The manual/market rate is the portfolio mean, 0.12, applied to every scheme regardless of its history. This is the complement in the Bühlmann-Straub formula: what you price when you have no information about a particular scheme.

We compared four estimators:

Performance metric throughout: mean squared error versus the known true loss rate. Lower is better.
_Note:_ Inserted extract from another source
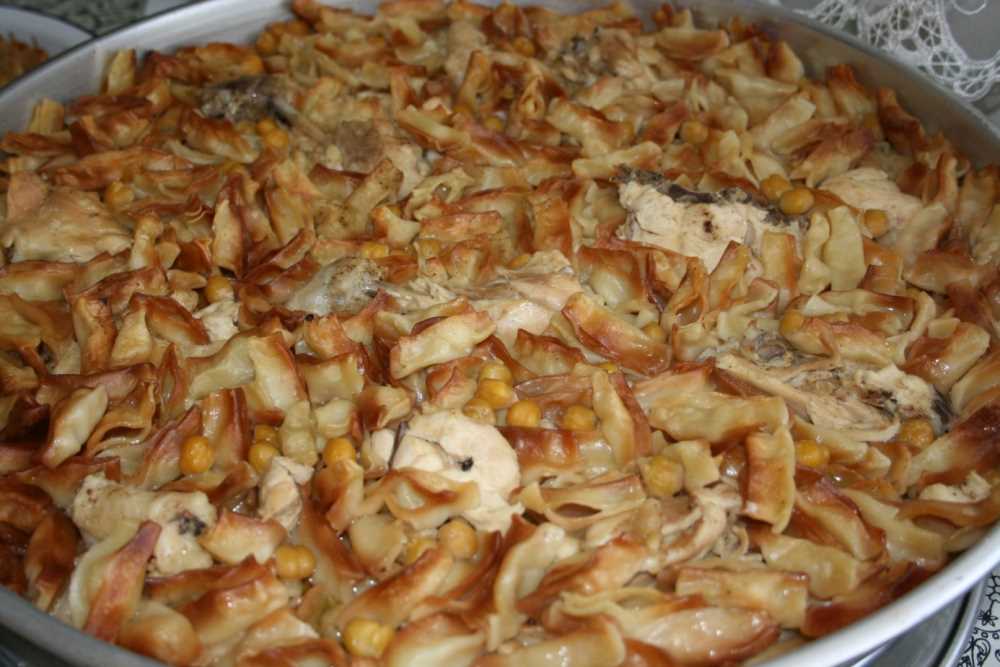 Un, tuz, yumurta, su ile yoğrularak çok sert bir hamur yapılır. Hamur bezelere ayrılarak yufka kalınlığında açılır. Açma tahtasının üzerinde bıçak ile 2cm genişliğinde 3cm boyunda hamurlar kesilir, hamurların dar kenarları karşılıklı olarak birleştirilerek tepsiye yerleştirilir. İsteğe göre iki sıralı olarak yapılabilir. Tepsinin kenarından başlayıp ortasına doğru dizilir. Tepsiye sıralanan mantılar orta sıcaklıktaki fırında üzerleri kızarıncaya kadar pişirilir. Tavuk üzerini kapatacak kadar su ile tencerede pişirilir, tencereden başka bir tabağa alınarak ayıklanır, sıcak olan tavuk suyu mantıların üzerine dökülür. Mantıların üzerini örtmeyecek kadar dökülen tavuk suyu ile parçalanmış tavuklar mantıların üzerine yerleştirilir, tepsi ile üzeri kapatıldıktan sonra demlenmesi için 30 dk beklenir. Sıcak olarak servis yapılır.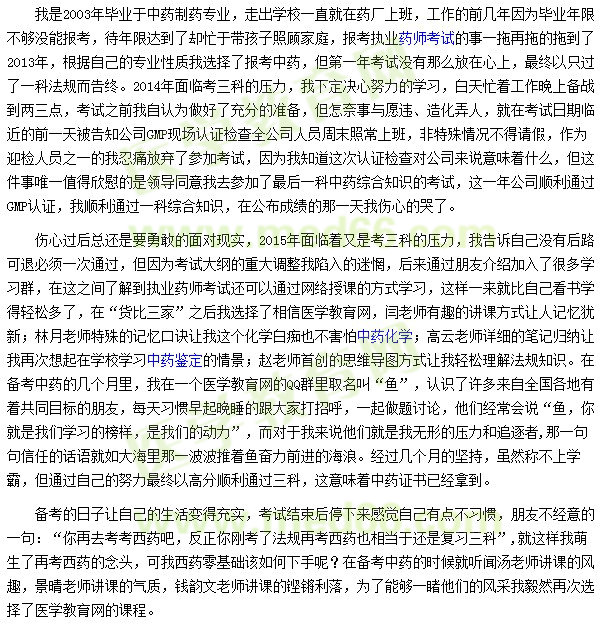 在2016年我的執(zhí)業(yè)藥師之路大型征文活動中,醫(yī)學(xué)教育網(wǎng)學(xué)員積極參與,為我們帶來了很多精彩的文章,網(wǎng)校執(zhí)業(yè)藥師學(xué)員7718****根據(jù)自己參加2016年執(zhí)業(yè)藥師考試的經(jīng)歷編寫了這篇:《我的執(zhí)業(yè)藥師之路—你就是我的奇跡,感謝你成就了我的雙證夢!》,此篇文章在征文比賽中獲得了優(yōu)秀獎的好成績,讓我們一起來見證他(她)的醫(yī)考之路吧!

Benchmark run on a single machine, seed=42, 23 March 2026. The DGP parameters are: mu=0.12, sigma_between=0.036 (CV=0.30), sigma_within varies by exposure.


Parameter recovery

Before looking at prediction accuracy, we checked whether the model recovers the known structural parameters. This is the first thing to verify — if the estimator cannot identify the signal, the predictions will not be right for the right reasons.

The estimated parameters from the full 100-scheme fit:

Parameter True value Estimated Error
mu (portfolio mean) 0.1200 0.1194 −0.5%
v (EPV, within-group noise) varies 0.00248
a (VHM, between-group signal) 0.00130 0.00112 −13.8%
k = v/a ~1.91 2.21 +15.7%

The portfolio mean comes back essentially exactly. The VHM (between-group variance) is underestimated by about 14%, which means k is overestimated — the model thinks the noise-to-signal ratio is higher than it actually is. This is expected and documented behaviour. The method-of-moments estimator for a systematically underestimates VHM with a moderate number of schemes and short histories; it needs both large-r (many schemes) and long-T (many years per scheme) to converge cleanly. On 100 schemes with 1–5 years each, an overestimated k of 2.21 versus the true 1.91 is a reasonable result.

The practical consequence of overestimated k: the model shrinks premiums slightly more toward the portfolio mean than is theoretically optimal. For a pricing team, this is the conservative direction — you would rather under-credit thin experience than over-credit it.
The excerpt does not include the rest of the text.